Wednesday, May 07, 2008

Want a Slightly Wet, New Mazda? Tough Luck

A few months ago I read a fascinating article in Wired about the Cougar Ace, a freighter that was disabled and sank two years ago with nearly 5000 new Mazda automobiles inside. The story focused on the team of rugged salvagers who managed to refloat the vessel and save it.

But what happened to those cars? On Neatorama, I found out the answer, from an article in the WSJ on April 29. Despite pleas from movie makers who wanted to blow them up, schools who wanted to use the cars for shop classes and other people who just wanted a really cheap new car, they decided to crush all 4703 of them in Portland Oregon recently.

They blew up all of the airbags with detonators and drained, gutted squished and shredded each shiny new Mazda 3 that came up from the airtight hull of the Cougar Ace. It turned out that fears of being sued trumped any good will gestures they might have considered in disposing of the cars.

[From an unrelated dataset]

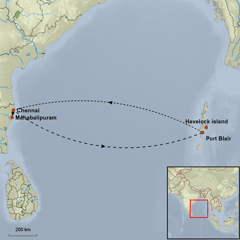 You will drive to Chennai airport (1.5 hrs) for your flight to Port Blair
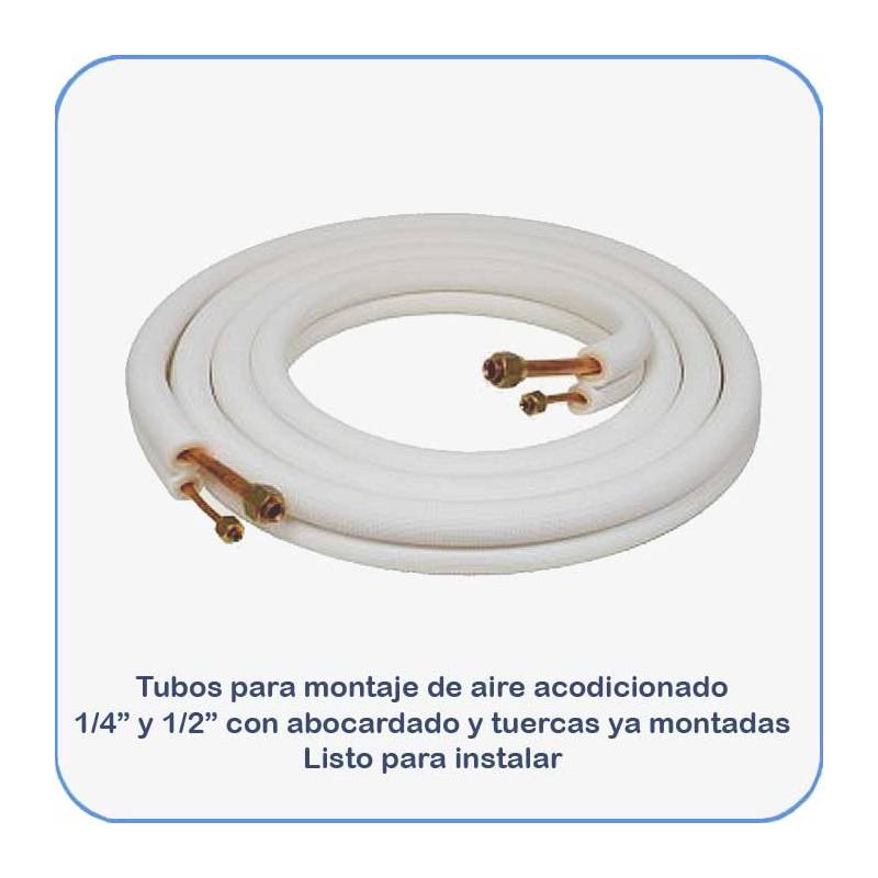 Kit de tubos para montaje de aire acondicionado, compuesto por 2 tubos uno de 1/4" y otro de 1/2" recubiertos de aislante blanco, en las puntas lleva hecho el abocardado y las tuercas montadas.

Ford, Mazda's parent company, "also worried that scammers might find a way to spirit the cars abroad to sell as new. That happened to thousands of so-called "Katrina cars" salvaged from New Orleans' flooding three years ago. Those cars -- their electronics gone haywire and sand in the engines -- were given a paint job and unloaded in Latin America on unsuspecting buyers, damaging auto makers' reputations."

The company did manage to salvage the valuable catalytic converters but they punctured all of the new tires, and sliced the alloy rims in two, to make sure nobody tried to resell them. The rest of the vehicles become pieces of metal no bigger than an ashtray, headed back to Asia where they will be remade--into new cars.